** The data **
----
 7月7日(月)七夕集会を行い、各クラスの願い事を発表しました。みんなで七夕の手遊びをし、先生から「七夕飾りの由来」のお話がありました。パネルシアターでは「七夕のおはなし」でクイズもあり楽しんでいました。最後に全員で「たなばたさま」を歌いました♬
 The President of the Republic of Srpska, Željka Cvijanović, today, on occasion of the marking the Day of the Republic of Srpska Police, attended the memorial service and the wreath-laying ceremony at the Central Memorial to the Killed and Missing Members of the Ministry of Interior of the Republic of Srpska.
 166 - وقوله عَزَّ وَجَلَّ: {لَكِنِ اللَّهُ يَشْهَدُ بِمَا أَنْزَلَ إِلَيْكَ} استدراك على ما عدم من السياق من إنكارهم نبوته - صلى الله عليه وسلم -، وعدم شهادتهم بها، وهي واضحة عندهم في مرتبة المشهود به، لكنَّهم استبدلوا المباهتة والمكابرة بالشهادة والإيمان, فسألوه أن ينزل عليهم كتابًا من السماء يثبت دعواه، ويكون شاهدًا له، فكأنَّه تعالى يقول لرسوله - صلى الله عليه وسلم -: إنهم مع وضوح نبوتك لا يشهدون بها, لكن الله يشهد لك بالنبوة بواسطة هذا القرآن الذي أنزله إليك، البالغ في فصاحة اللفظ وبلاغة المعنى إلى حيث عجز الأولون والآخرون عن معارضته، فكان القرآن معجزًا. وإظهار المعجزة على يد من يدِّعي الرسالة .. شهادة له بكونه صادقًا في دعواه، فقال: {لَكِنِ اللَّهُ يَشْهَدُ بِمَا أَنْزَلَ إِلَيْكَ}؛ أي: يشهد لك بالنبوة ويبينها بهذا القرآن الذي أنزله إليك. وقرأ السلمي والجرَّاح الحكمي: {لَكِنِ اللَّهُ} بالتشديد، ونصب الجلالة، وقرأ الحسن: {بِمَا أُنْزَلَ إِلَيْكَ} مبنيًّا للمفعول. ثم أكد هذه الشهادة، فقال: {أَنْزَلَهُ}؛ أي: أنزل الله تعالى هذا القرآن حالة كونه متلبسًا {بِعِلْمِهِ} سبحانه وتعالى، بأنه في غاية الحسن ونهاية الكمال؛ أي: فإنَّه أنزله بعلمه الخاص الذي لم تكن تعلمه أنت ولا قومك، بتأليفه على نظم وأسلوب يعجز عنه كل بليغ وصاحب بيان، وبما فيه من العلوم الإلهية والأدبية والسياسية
----
** What is required **
Give the data again, exactly as written.

** Answer box **
 7月7日(月)七夕集会を行い、各クラスの願い事を発表しました。みんなで七夕の手遊びをし、先生から「七夕飾りの由来」のお話がありました。パネルシアターでは「七夕のおはなし」でクイズもあり楽しんでいました。最後に全員で「たなばたさま」を歌いました♬
 The President of the Republic of Srpska, Željka Cvijanović, today, on occasion of the marking the Day of the Republic of Srpska Police, attended the memorial service and the wreath-laying ceremony at the Central Memorial to the Killed and Missing Members of the Ministry of Interior of the Republic of Srpska.
 166 - وقوله عَزَّ وَجَلَّ: {لَكِنِ اللَّهُ يَشْهَدُ بِمَا أَنْزَلَ إِلَيْكَ} استدراك على ما عدم من السياق من إنكارهم نبوته - صلى الله عليه وسلم -، وعدم شهادتهم بها، وهي واضحة عندهم في مرتبة المشهود به، لكنَّهم استبدلوا المباهتة والمكابرة بالشهادة والإيمان, فسألوه أن ينزل عليهم كتابًا من السماء يثبت دعواه، ويكون شاهدًا له، فكأنَّه تعالى يقول لرسوله - صلى الله عليه وسلم -: إنهم مع وضوح نبوتك لا يشهدون بها, لكن الله يشهد لك بالنبوة بواسطة هذا القرآن الذي أنزله إليك، البالغ في فصاحة اللفظ وبلاغة المعنى إلى حيث عجز الأولون والآخرون عن معارضته، فكان القرآن معجزًا. وإظهار المعجزة على يد من يدِّعي الرسالة .. شهادة له بكونه صادقًا في دعواه، فقال: {لَكِنِ اللَّهُ يَشْهَدُ بِمَا أَنْزَلَ إِلَيْكَ}؛ أي: يشهد لك بالنبوة ويبينها بهذا القرآن الذي أنزله إليك. وقرأ السلمي والجرَّاح الحكمي: {لَكِنِ اللَّهُ} بالتشديد، ونصب الجلالة، وقرأ الحسن: {بِمَا أُنْزَلَ إِلَيْكَ} مبنيًّا للمفعول. ثم أكد هذه الشهادة، فقال: {أَنْزَلَهُ}؛ أي: أنزل الله تعالى هذا القرآن حالة كونه متلبسًا {بِعِلْمِهِ} سبحانه وتعالى، بأنه في غاية الحسن ونهاية الكمال؛ أي: فإنَّه أنزله بعلمه الخاص الذي لم تكن تعلمه أنت ولا قومك، بتأليفه على نظم وأسلوب يعجز عنه كل بليغ وصاحب بيان، وبما فيه من العلوم الإلهية والأدبية والسياسية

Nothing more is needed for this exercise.